### Exercise instructions:
Quote exactly, and only, the lines from the one containing "Stig of the" through the end of the material below. Skip pictures.

*** Source data Section Begins ***

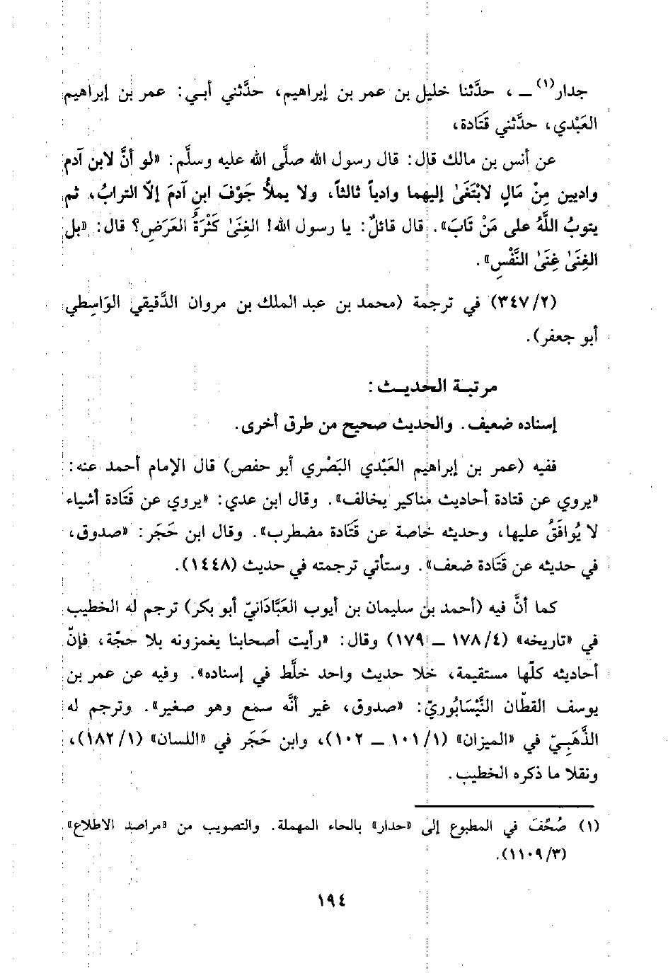 ففيه (عمر بن إبراهيم العَبْدي البَصْري أبو حفص) قال الإِمام أحمد عنه: "يروي عن قتادة أحاديث مناكير يخالف". وقال ابن عدي: ويروي عن قَتَادة أشياء لا يُوافَقُ عليها، وحديثه خاصة عن قَتَادة مضطرب". وقال ابن حَجَر: "صدوق، في حديثه عن قَتَادة ضعف". وستأتي ترجمته في حديث (١٤٤٨).
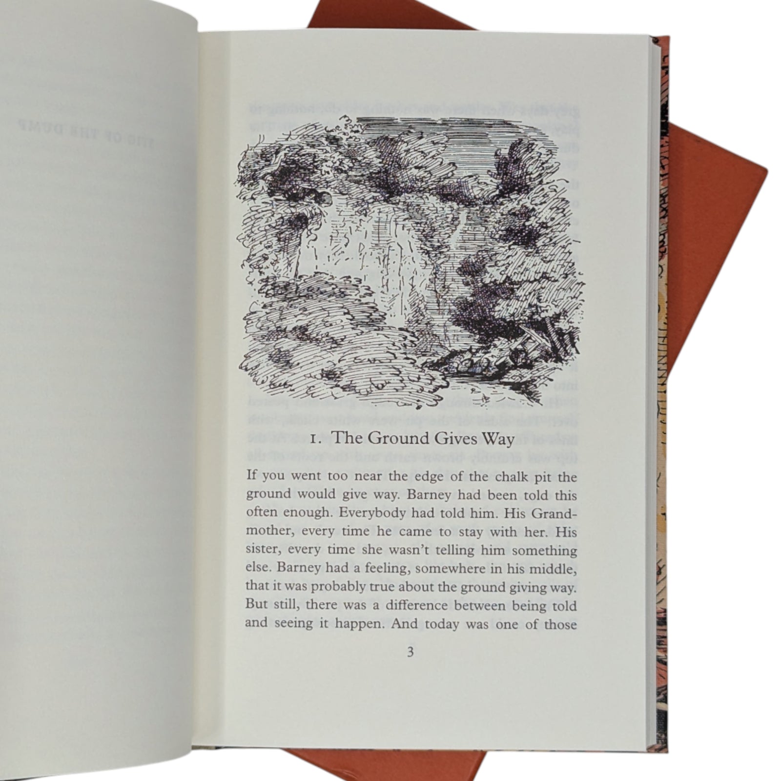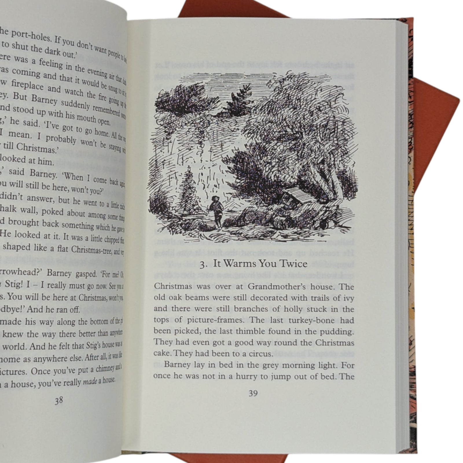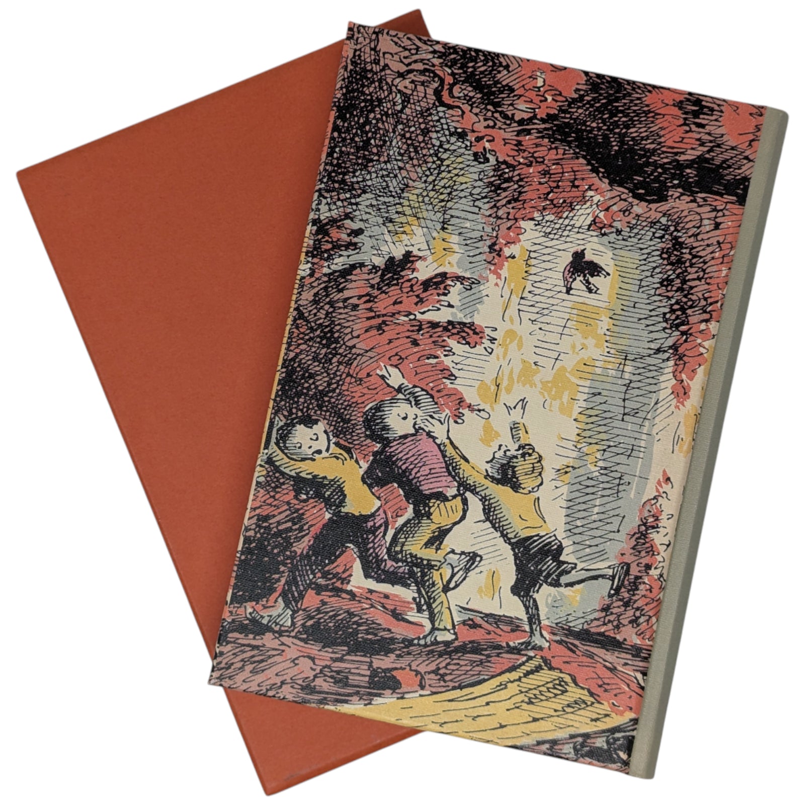 Stig of the Dump, by Clive King. London: The Folio Society, 2017. First printing thus. With the original illustrations by Edward Ardizzone, introduced by David Almond. 203 × 134 × 23 mm. Pp. [i–iv] v–xvii [xviii], [1–2] 3–170 [171–174]. Type: Plantin. Printed by Memminger MedienCentrum. Bound by Real Lachenmaier in full grey cloth printed with a design by Ardizzone brown-green endleaves. Dark orange slip case.
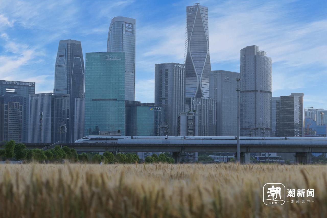 このほど、杭州・銭江世紀城近くの畑では成熟した金色の麦穗が、遠くに聳える高層ビルと疾走する新幹線と共に、美しい絵巻を織りなした。
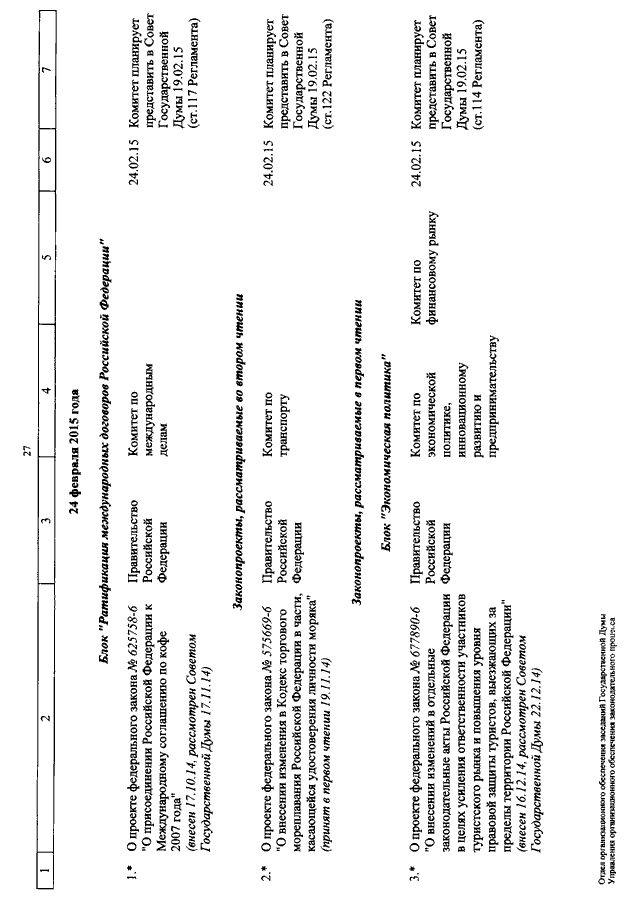 "О КАЛЕНДАРЕ РАССМОТРЕНИЯ ВОПРОСОВ ГОСУДАРСТВЕННОЙ ДУМОЙ С 17 ПО 27 ФЕВРАЛЯ 2015 ГОДА"

*** Source data Section Ends ***

### Exercise solution:
 Stig of the Dump, by Clive King. London: The Folio Society, 2017. First printing thus. With the original illustrations by Edward Ardizzone, introduced by David Almond. 203 × 134 × 23 mm. Pp. [i–iv] v–xvii [xviii], [1–2] 3–170 [171–174]. Type: Plantin. Printed by Memminger MedienCentrum. Bound by Real Lachenmaier in full grey cloth printed with a design by Ardizzone brown-green endleaves. Dark orange slip case.
 このほど、杭州・銭江世紀城近くの畑では成熟した金色の麦穗が、遠くに聳える高層ビルと疾走する新幹線と共に、美しい絵巻を織りなした。
 "О КАЛЕНДАРЕ РАССМОТРЕНИЯ ВОПРОСОВ ГОСУДАРСТВЕННОЙ ДУМОЙ С 17 ПО 27 ФЕВРАЛЯ 2015 ГОДА"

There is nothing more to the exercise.